- Born: G. Gangadharan Nair October 2, 1946 (age 79) India

= G. Gangadharan Nair =

Indian academic (born 1946)

G. Gangadharan Nair (born October 2, 1946) is a Sanskrit scholar and a pioneer in the field of spoken Sanskrit. He has a PhD in Sanskrit grammar and Master of Arts degrees in Russian and Sanskrit. He has taught in Sanskrit colleges and universities. He was the research guide of Fathima Beevi, "the first Muslim lady to get her PhD in Vedanta (the supreme branch of Hindu philosophy)".

==Early life and education==
Nair was born on October 2, 1946, at Vazhoor, Kerala as son of V. K. Gopala Pillai, a freedom fighter and a scholar of Sanskrit and indigenous medicine. He had his traditional education of Sanskrit Grammar from Swami Vidyananda Tirthapada, grand disciple of Chattampi Swamikal. He had Oriental and Western type of Sanskrit education, especially of Sanskrit Grammar and linguistics in the Government Sanskrit College, Thiruvananthapuram and the University of Kerala. At the same time, he received Master of Arts degree in Russian language and literature from the Department of Russian, University of Kerala.

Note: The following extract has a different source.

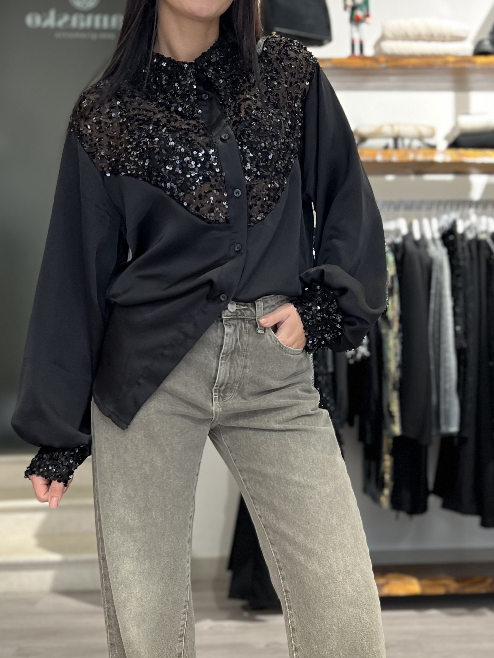 Camicia over in raso con paillettes. Modello dal taglio ampio, lungo fino al fianco e manica a sbuffo. Taglia unica veste fino alla 46/48.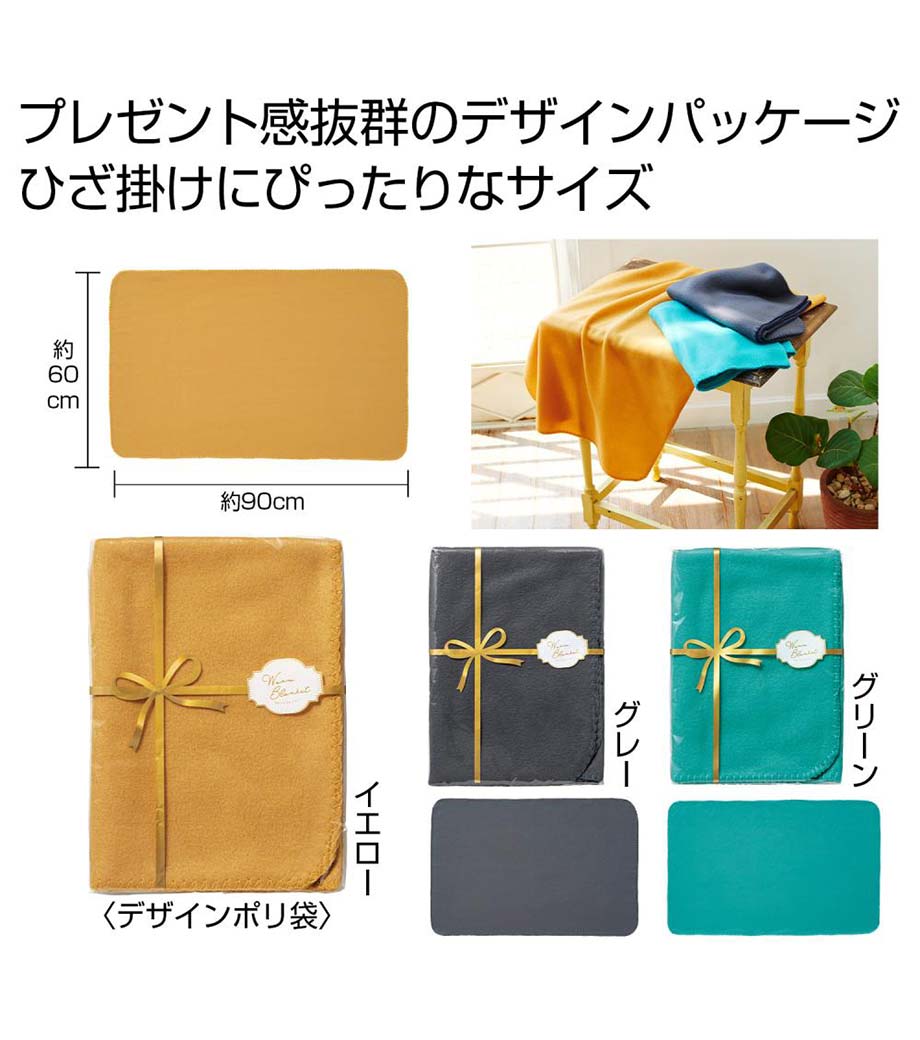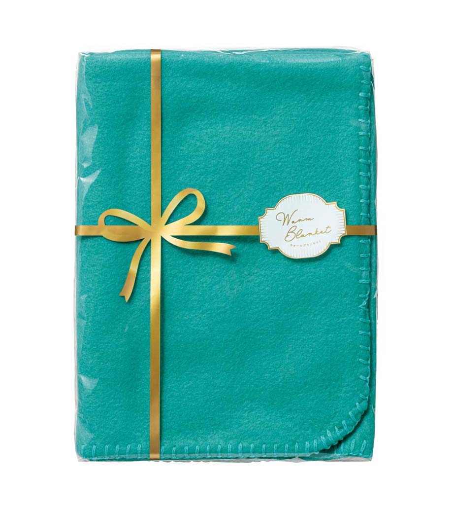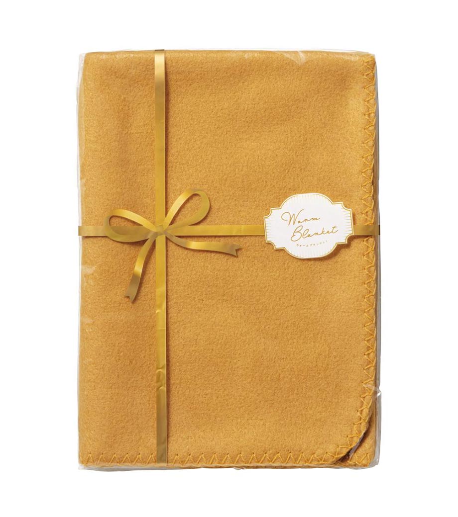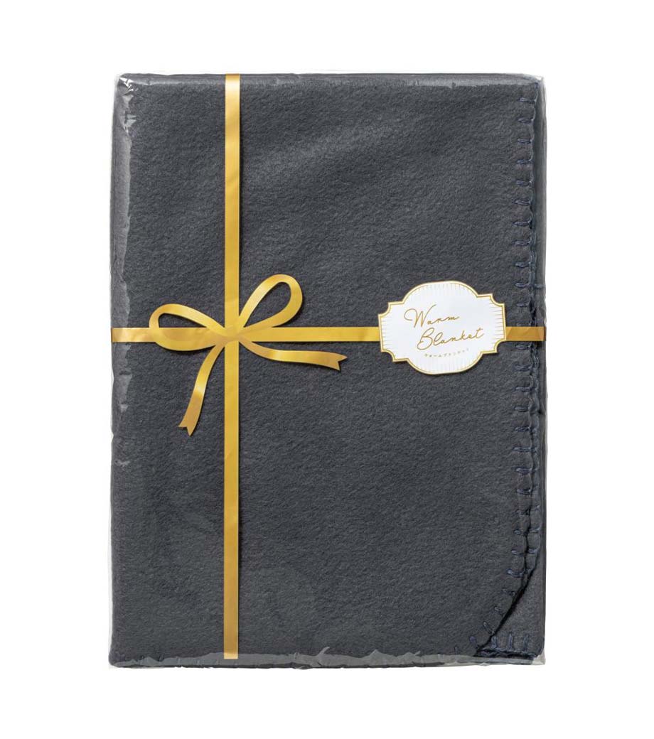 リボンで包まれたプレゼント風パッケージが目を引くウォームブランケットです。

He studied under M. H. Shastri(whom he later succeeded in the Government Sanskrit College, Trivandrum). He obtained his PhD degree for his thesis on the Unadi Sutras, Ancient Indian etymological treatise under the guidance of V. Venkatasubramania Iyer and R. Karunakaran.

==Career==
He was professor and head of Department of Sanskrit Grammar and director of planning and development in the Sree Sankaracharya University of Sanskrit, Kalady. He was member of the senate of the Cochin University of Science and Technology, member of the senate of Rashtriya Sanskrit University, Tirupati. He was expert member in the faculty of Oriental studies, A.P. Singh University, Rewa, Madhya Pradesh. He is a UGC nominee on the advisory committee of DRS programme of the Department of Sanskrit, Rabindra Bharati University, Kolkota. He is currently the Dean of Faculty of Sanskrit Grammar of the Sree Sankaracharya University of Sanskrit, Kalady. He is also the chairman of the academic council of Sukrtindra Oriental Research Institute, Cochin and member of the editorial board of the journal of the same institute. He has done extensive research on Indian theories of hermeneutics and has made valuable contribution to the studies on ancient hermeneutics. His paper on Non-Paninian Influence on Narayanabhatta is considered an extensive study on the alternative pargmatice approaches to Paninian Grammar in Sanskrit.